What is dramatically unfolding is not-fiction but a bizarre chain of events that defies logic and a sense of rationale. The entire issue is shrouded in an impenetrable veil, a fog of fleeting silhouettes, that appear and disappear in a hazy political background.
When two or more people present at the crime scene maintain an eerie silence, rest assured that a huge conspiracy is in progress. Is there a cover-up in progress and at what depth is there a higher involvement?
With the amount of expertise available to law enforcement, this murder could have been solved years ago.
It is a proven historical fact that conspiracy theories thrive in polarising political climates; they do not emerge in a vacuum. The current political crisis and chaos in the ANC is a classic example.
Sadly what we are witnessing is a form of social media warfare, where conspiracy theories spread faster than the salient facts.

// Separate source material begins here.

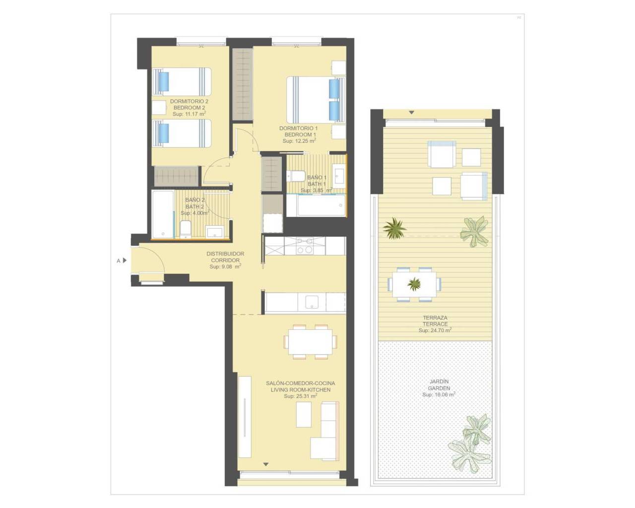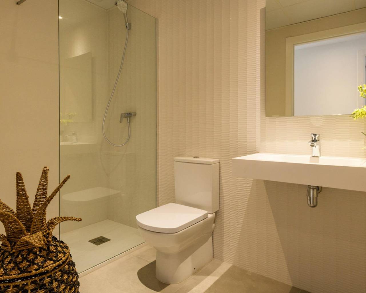 2 bedroom apartment in the the closed complex close to the beach in Dehesa de Campoamor Welcome to this new Residential in Campoamor, the home where you can live the life you have always dreamed of with the most beautiful horizon in the background: the Mediterranean. Apartment with 2 bedrooms,2 bathrooms, a living area connected to an open-plan kitchen equipped with modern appliances, a large terrace. There are also 3 bedroom apartments available. You will be able to enjoy green areas for strolling and sunbathing. The communal areas include a large indoor heated swimming pool, a chill out area on the roof terrace, as well as a sports area to enjoy outdoor exercise, a gym, a children's play area and a large outdoor swimming pool together with a smaller one for children and a gourmet room. And because we know you'll love cycling in the area, we've set aside space for bike storage. There is an option to buy a parking plot and a storage room. LOCATION: The Residential is located in the highest part of Campoamor, very close to La Glea beach and the marina. Just 1000 m from the beach and a short drive from shopping centres, famous golf courses, restaurants with exquisite gastronomy and major cities such as Alicante and Murcia just 1 hour away. And all this in a climate with 300 days of sunshine a year and almost 20ºC average annual temperature. The perfect place for your holidays or to establish your permanent residence. Dehesa de Campoamor is surrounded by beautiful beaches such as La Zenia, Cabo Roig, Mil Palmeras or Punta Prima. This town has 2,500 meters of coast divided into three beaches with fine white sand. The beach of La Glea, which is the one that receives more visitors and is equipped with all services for lovers of water sports. There is also a paddle tennis and tennis club, where you can enjoy a sunny day or enjoy a drink in any of its bars and restaurants, making this beach the most lively and cosmopolitan in the area. At Orihuela Costa, golf enthusiasts come here all year long for the great quality of their golf courses as well as those who are passionate about their parties and events (Moors and Christians, Medieval Market, Saint Patrick's Day, etc.). Easy access by highway, and good public transport network. The closest hospital is the Hospital Universitario de Torrevieja (8 km away) and within minutes you can find the Hospital Quirónsalud Torrevieja. It is also close to airports such as Region of Murcia International Airport (35 km away) and Alicante Airport (47 km away). Should you have any question do not hesitate to contact us!
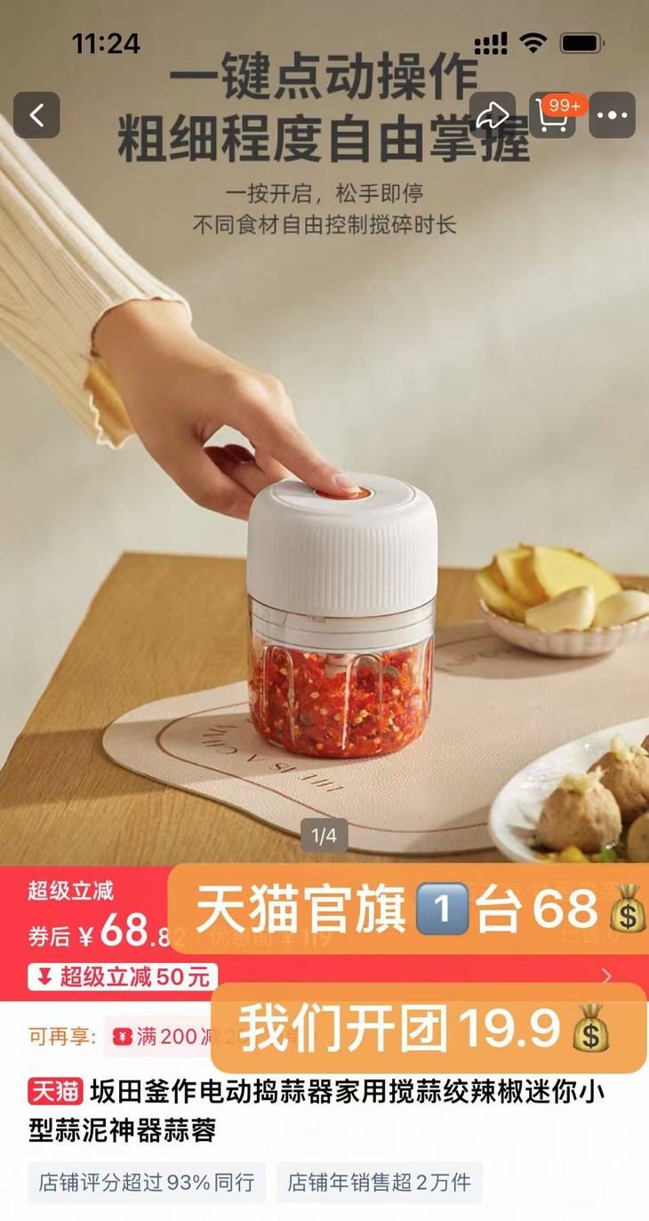 同款蒜蓉器全网热卖10W+ 天猫官旗券后68💰 我们开团19.9💰,立省48.1💰

Many governments have resorted to conspiracy theories to distract from their own failures to
pre-empt criticism.
Science, forensics, evidence and criminal technology can prove the events that took place on October 26, 2014. There is a litany of theories, some overlapping and reinforcing, some contradictory, all of them useful in understanding the shadowy power of the conspiracy theory in the 21st century.
It is under certain circumstances a way for some to exert control over or within unstable, complex systems.
The devastation caused by the murder of a brilliant soccer icon provides fertile ground for conspiracies to thrive in an atmosphere where truth remains an elusive commodity; the expanding narrative is driven by falsehoods.